Association of Friends of Astronomy
- Abbreviation: AFA
- Formation: 1982
- Founder: Percival Noronha
- Type: Nonprofit organization
- Purpose: Popularize astronomical knowledge
- Location: Goa, India;
- Website: afagoa

= Association of Friends of Astronomy =

Astronomical society in Goa, India

Association of Friends of Astronomy, known by the abbreviation AFA, is a society of amateur astronomers and other interested individuals, based in Goa, India.

==History==
The Association of Friends of Astronomy began under the guidance of Percival Noronha in 1982. It has a public astronomical observatory that is set up on the terrace of Junta House, then the tallest building in Panjim city. Later, the Department of Science, Technology and Environment, Government of Goa, began funding the AFA, funding telescopes. In 2022, the observatory was renovated.
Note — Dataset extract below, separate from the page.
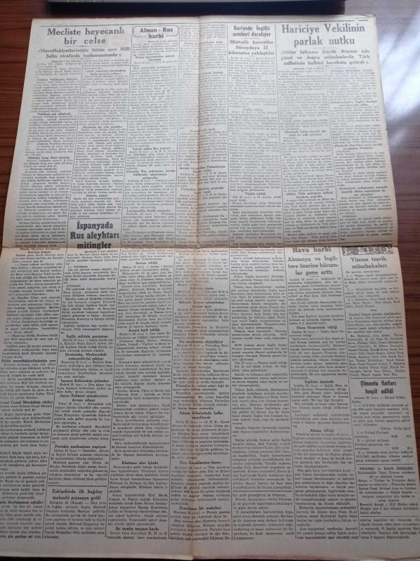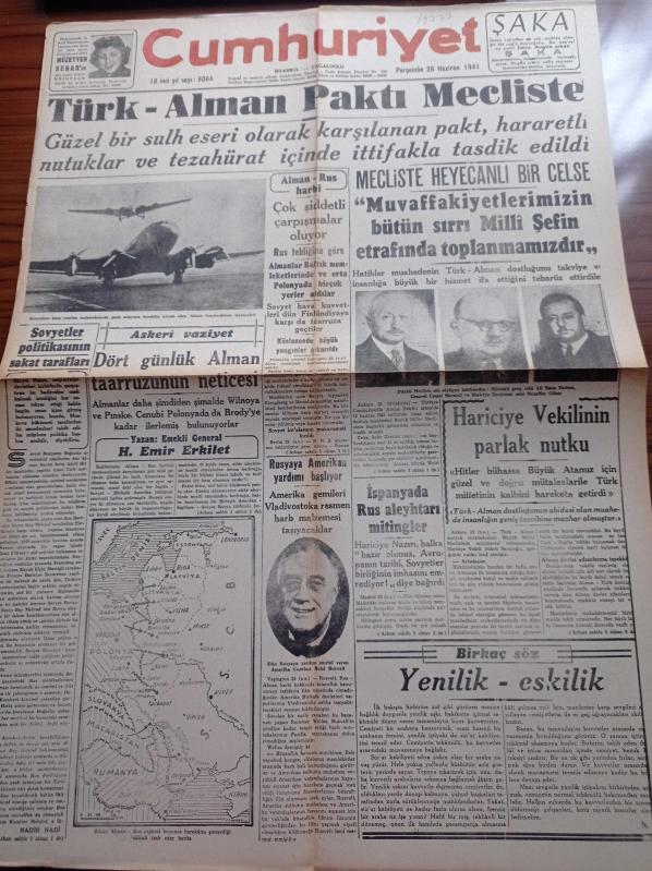 Cumhuriyet Gazetesi - 26 Haziran 1941 - Tıpkıbasım - Müzeyyen Senar'ın Tatlı Sesini Taksim Kristal'de Zevkle Dinleyebilirsiniz - Türk Alman Paktı Mecliste - Dün Rusya'ya Yardım Emrini Veren Amerikalı Cumhur Reisi Roosevelt - Hitler Bilhassa Büyük Atamız İçin Güzel Ve Doğru Mütalealarile Türk Milletinin Kalbini Harekete Getirdi - Dört Günlük Alman Taarruzunun Neticesi - Mecliste Heyecanlı Bir Celse- Ali Rana Tarhan adlı eser, Kitap > Süreli Yayınlar > Gazeteler kategorisinde İkinci El olarak satıştadır.

In 2023, the AFA inaugurated a completely automated observation dome, the first in Goa, at the observatory in Panjim. It is equipped with a 14-inch automated Celestron telescope, allowing people to see the planets up to Uranus and Neptune. It was donated by the Economic Development Corporation of Goa as a corporate social responsibility initiative. The Panjim observatory is said to be the first in India. The telescope was donated by members of the Goan diaspora based in California through the organisation, Goa Sudharop.

==Activities==
Since 2009, the AFA organises events across Goa during Global Astronomy Month. They also organise programmes for World Book Day, Earth Day, Astronomy Day and World Heritage Day. Besides Panjim, where the observatory is located, they conduct programmes in Vasco da Gama, Mapusa, Porvorim, Margao and Canacona. They also conduct activities in rural areas, being the first in India to do so, having conducted activities in villages like Morjim, Borim and Sanquelim.

AFA also has an Astro Kids Club that meets every Saturday and an Astro Photography Club. They also organise an annual Astro Film Festival and Documentary Festival. They also regularly organise programmes in schools and even conduct workshops and astronomy observations at beaches.
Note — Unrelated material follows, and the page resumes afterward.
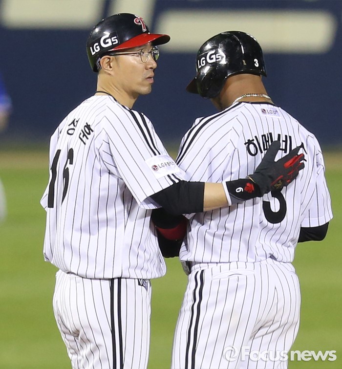 (서울=포커스뉴스) 8일 서울 잠실구장에서 열린 2016 프로야구 삼성-LG 경기 4회말 무사 만루에서 삼성 투수 교체때 LG 3루주자 정성훈이 장필준의 투구에 맞고 진루한 2루주자 히메네스를 위문하고 있다.

AFA's publications include Astronomy Simplified, a Concise Info Booklet and their periodical, Via Lactea, which translates to Milky Way in Latin.

AFA worked with the Directorate of Education in Goa and was successful in introducing Astronomy as a subject in schools for classes 9 and 10.

==Membership==
As of April 2023, the AFA had about 2000 student members and 460 life members. Their membership fee is ₹500 per year for adults and ₹500 for a lifetime membership for students.